Но, по иронии судьбы, только утряслась история с цыганами, как на Алинку и на меня ополчилась живущая на верхнем этаже испанка, у которой постоянно проживала маленькая внучка. Бабушка любила выпить – выйти вечером с подружками в бистро – пропустить стаканчик. Поскольку брать с собой внучку она не могла, то придумала выход из положения – стала по вечерам приглашать Алину в гости, пока сама отлучалась. Она представляла нам все это так, как будто ее внучка, которая на три года младше Алины, очень хочет дружить с ней.

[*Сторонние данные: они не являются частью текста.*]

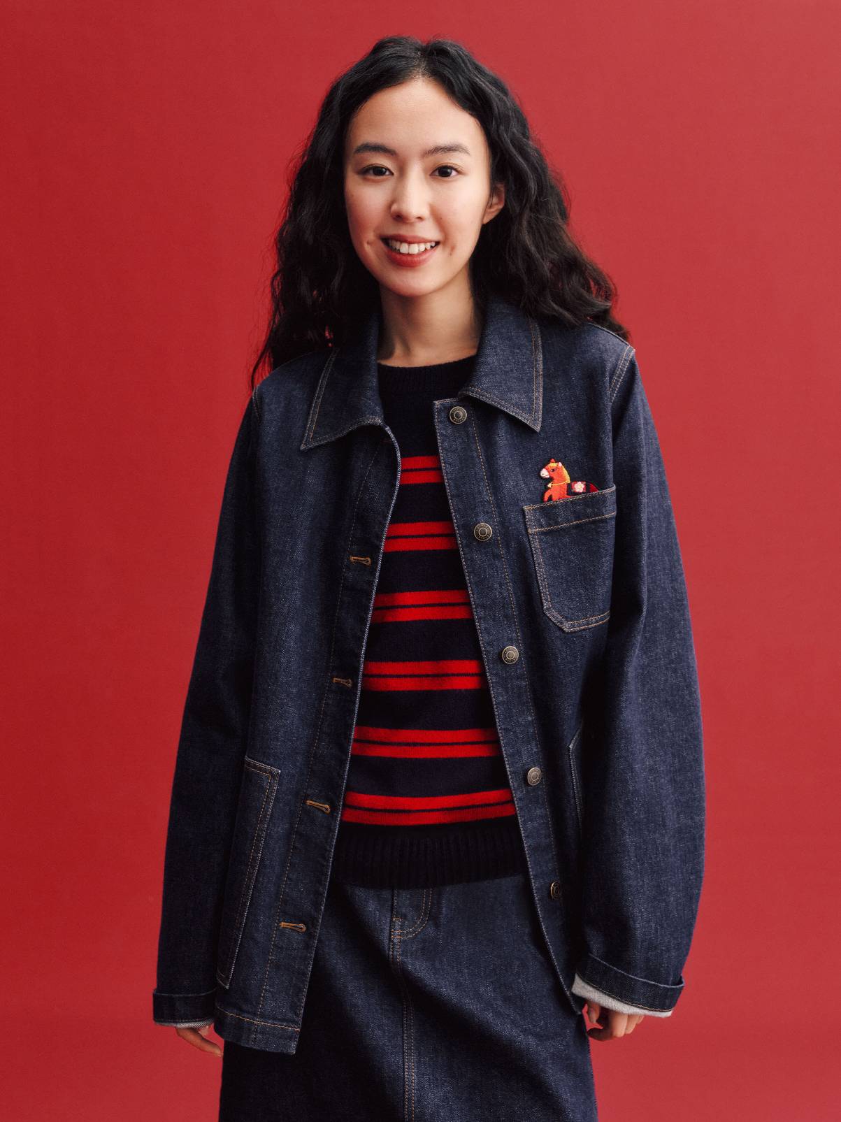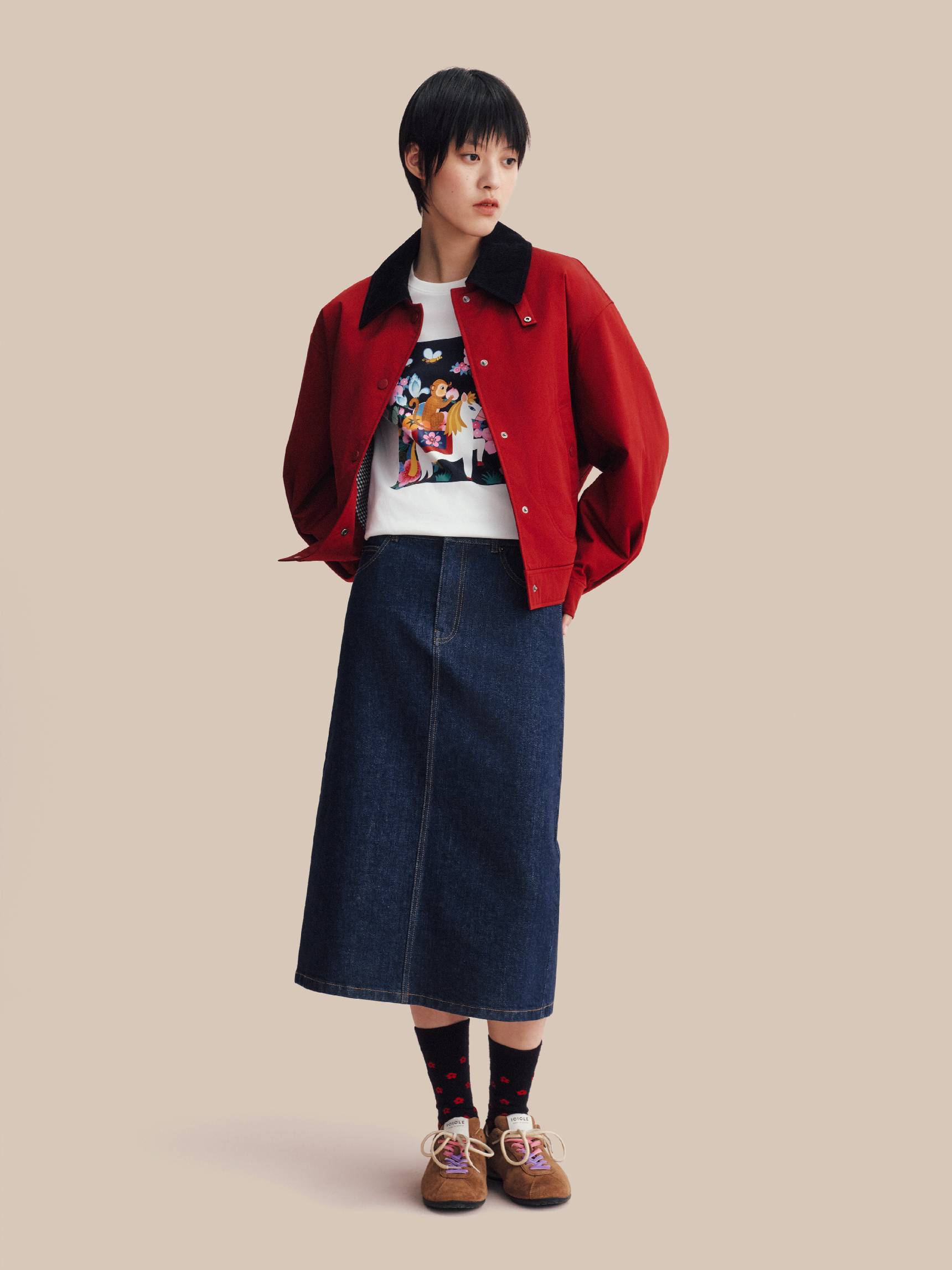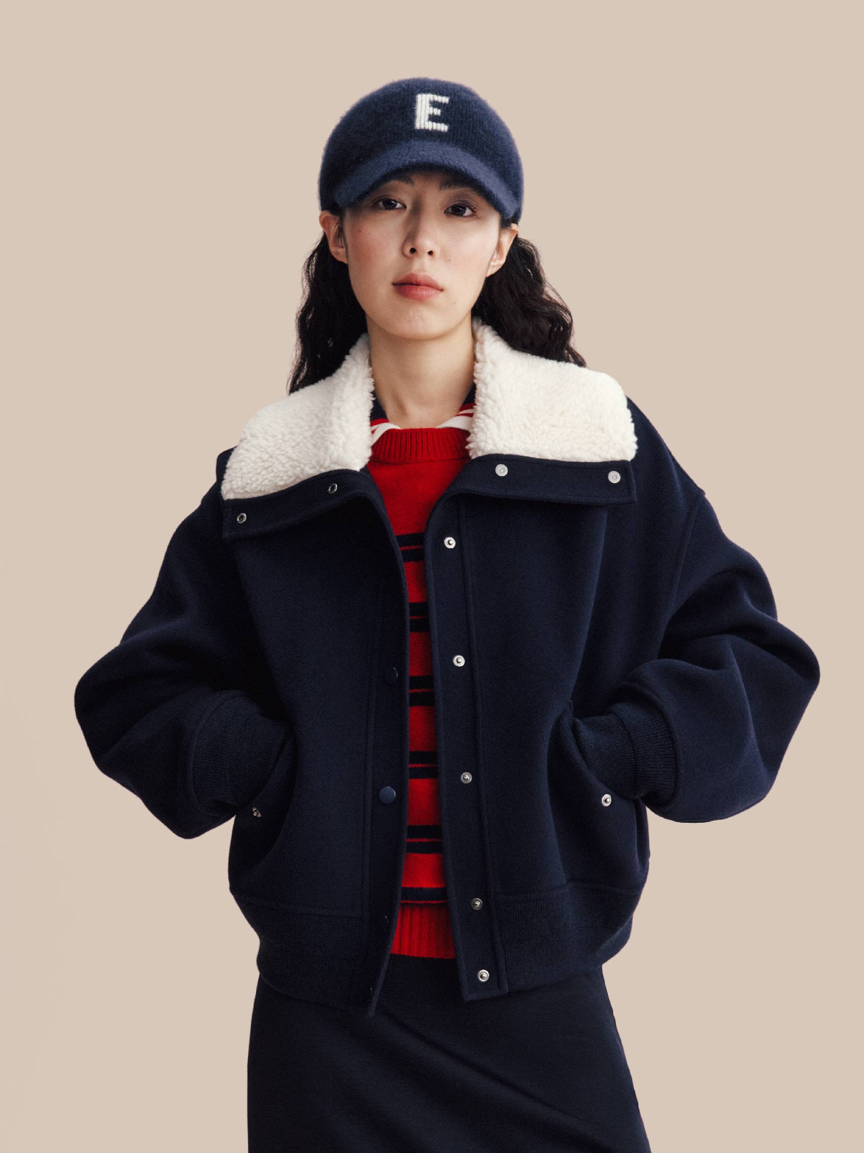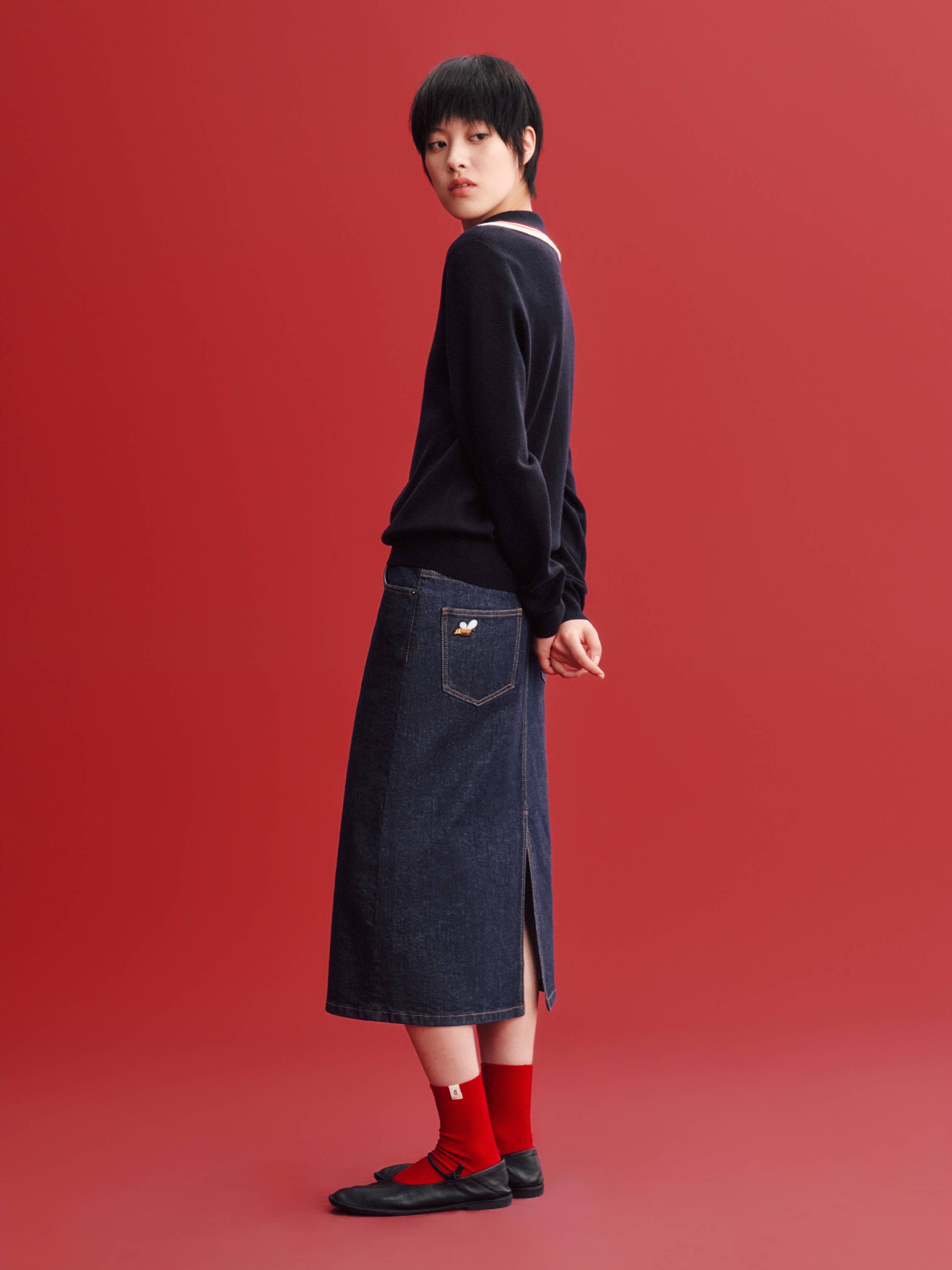 新年团聚的温情,与本系列的舒适哲学相融,共同诠释轻松愉悦的节日着装语境。羊毛双面呢开衫、棉质斜纹卫衣、水洗牛仔过膝裙与裤装,搭配拉毛围巾、棒球帽与报童帽等配饰,呈现出一系列兼具复古气息而松弛态度的新年着装。正红基调延续热烈而饱满的传统表达,米白、深蓝与深灰的融入,平衡出沉稳而现代的色彩层次。精致刺绣与羊绒条纹巧妙呼应,在工艺与材质中交织传统与当下,呈现出一系列兼具文化厚度与审美温度的新年着装——以一年一度的新衣仪式,开启共同憧憬的锦绣前程。

Я, естественно, отнеслась к приглашениям доброжелательно – дружба это замечательно. Но вскоре девочка проговорилась – ее бабушка смотрела на мою дочь как на бесплатную няню, которая бы занималась девочкой в ее отсутствие. Будучи старшей, присматривала бы за ней. Бабушка тем временем выходила на три часа в ресторан, в бистро или в гости.

А девочка к тому же оказалась трудной – очень капризная и избалованная. Не давала Алине играть со своими игрушками, грубо разговаривала и всячески понукала ее, принуждая делать то, что ей хочется. Когда дочь рассказала мне об этом, я перестала отпускать ее к ним, под предлогом, что она нужна мне дома.

Испанка сильно обозлилась и при всяком удобном случае начала задирать Алину и даже меня, когда мы сталкивались перед домом. А также настраивать соседей против нас, как выяснилось позднее.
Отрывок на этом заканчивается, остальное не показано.